As we head into 2010, what should we expect? First and foremost, the recovery will continue, barring some unforeseen event. Contrary to some of the financial pessimists on television, there is no evidence to suggest that this recession will have a second leg to it. For Michigan, the recovery will be helped by a partial recovery of the auto industry. Whereas it will take many years for auto sales to climb back to the 16 million to 17 million range of 2005-2006, we should settle into a new sustainable range of about 13 million to 14 million cars by 2011. At the present rate, Chrysler will be forced out of business, except for the Jeep brand, which will probably survive. Fortunately, we do not have a lot of companies in West Michigan that are directly tied into Chrysler. Furthermore, production levels have sunk to the level that the end of Chrysler will probably be no more than a small economic ripple. Hence, overall Michigan unemployment rates will probably continue to climb until about the middle of 2010.
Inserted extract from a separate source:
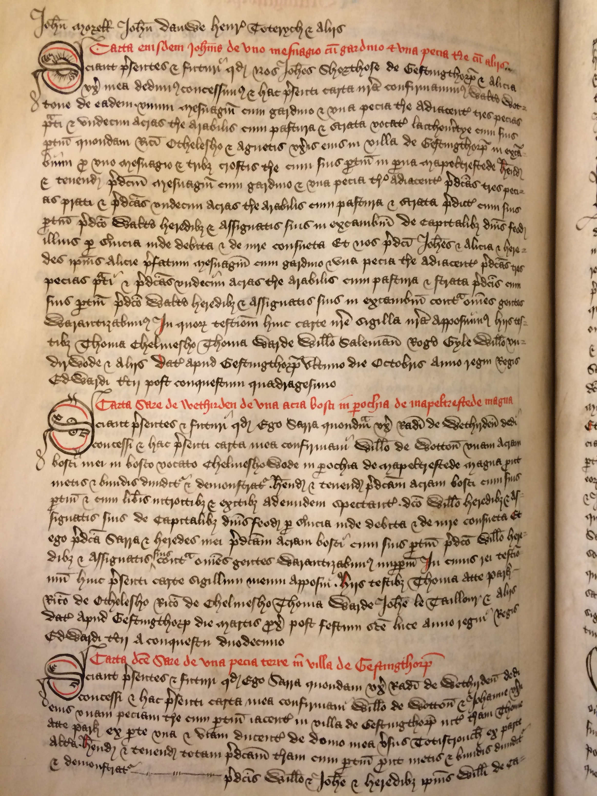 Sciant presentes et futuri quod ego Sarra quondam uxor Radulphi de Wethirden dedi concessi et hac presenti carta mea confirmavi Willelmo de Wotton unam acram bosci mei in bosco vocato Chelmeshowode in parochia de Mapeltrestede magna prout metis et bundis dividitur et demonstratur habend et tenend predictam acram bosci cum suis pertinentiis et cum liberis introitibus et exitibus ad eundem spectantibus dicto Willelmo heredibus et assignatis suis de capitalibus dominis feodi per servicia inde debita et de iure consueta Et ego predicta Sarra et heredes mei predictam acram bosci cum suis pertinentiis predicto Willelmo heredibus et assignatis suis contra omnes gentes warantizabimus imperpetuum In cuius rei testimonium huic presenti carte sigillum meum apposui Hiis testibus Thoma atte Park Ricardo de Othelesho Ricardo de Chelmesho Thoma warde Iohanne le taillour et aliis Datum apud Gestingthorp die martis proxima post festum sancti Luce anno regni regis Edwardi tercii a conquestu duodecimo

Unfortunately, the housing market will continue to be an economic wet blanket for the entire nation. Although there are some empty and foreclosed houses in West Michigan, the market situation on the east side of the state is much worse. Despite the ample availability of cash, the financial institutions are still very tight with credit restrictions for potential home buyers. Furthermore, mortgage delinquencies are still growing, which means there will be more houses thrown on the market throughout 2010.
Finally, we need to keep an eye on the state of Michigan budget, given the drop in revenues from almost every source. Although the budget is now in place for fiscal 2010, the expected shortfall for 2011 is about $20 million dollars. This will put pressure on all government services, from repairing roads to schools to social services. It will take many years for these revenues to come back.
Brian Long is director, Supply Chain Management Research, Seidman College of Business, Grand Valley State University.